穗穗感覺自己眼前一片模糊,似乎只能依稀看見梔梔跪在自己跟前。
她想要努力張口說話,可意識卻不斷地拉扯她,讓她連抬起手的力氣都沒有。
就這樣吧,爸爸親手帶給她的傷害,就這樣結束吧。
穗穗緩緩閉上眼,徹底陷入無盡的黑暗之中。
「嗚嗚... ...來不及了。」
梔梔眼淚跟不要錢一樣湧出來,她小小的腦袋瓜子裡拼命的想辦法去救穗穗姐姐。
可她唯一能想到的就是自己空間的靈泉水。
靈泉水不一定能有用,但她一定要盡力一試。
「媽媽!爸爸!」
梔梔放聲哭喊叫著親人過來,江岸朝以為是喊她過去帶穗穗去醫院,背起來就要往外面走。
可卻被鄧秋攔住,鄧秋死死的攥住他的胳膊,沖他使眼色。
「快把穗穗放進臥室里去。

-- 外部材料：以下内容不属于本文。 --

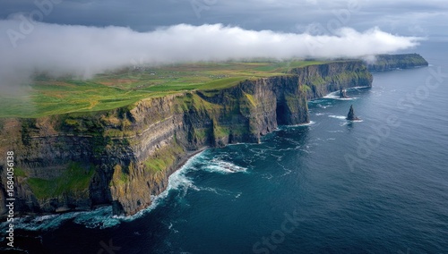 Dramatic coastal cliffs meet a churning sea, shrouded in mist

」
「什麼?現在她這種情況,送醫院都不一定來得及,要是放臥室里不就是直接等死嗎?」
江岸朝不解,可看到妻子如此堅持,他也只能聽從。
剛一進屋子,梔梔就憑空消失,可又很快出現。
江岸朝不可置信的望向梔梔,他揉了揉眼,哪怕是看到梔梔現在就活生生站在自己面前,正在給穗穗脖子上倒水。
可他還是有些懵。
難道是他這段時間被關的太久了,頭暈眼花看不清楚了?
不對啊... ...
梔梔語速很快,「媽媽,拿乾淨的紗布來,或者毛巾也行。」
「好!」
鄧秋立刻轉身去找來毛巾止血,順帶著還把家裡之前囤的雲南白藥粉拿了過來。
梔梔看到藥,毫不猶豫一整瓶全部都撒了上去。
鄧秋在旁邊低聲,「別著急,應該傷到的不是動脈,應該只是微小血管,只要止血了還是能救回來的。」
韓於彬簡直就是一個畜生,對自己的親生女兒都能下這麼重的手。
這種人簡直都不配活在這個世界上。
穗穗原本脖頸處鮮血一直流的嚇人,在梔梔把靈泉水倒上去的瞬間,血液漸漸開始不流,血管甚至開始重塑,原本破裂的也開始修復。
靈泉水的作用及其迅速,肉眼可見就能看到穗穗的脖頸傷口在飛快的止血,只是這傷口太深,要想癒合還需要不間斷的敷上三天。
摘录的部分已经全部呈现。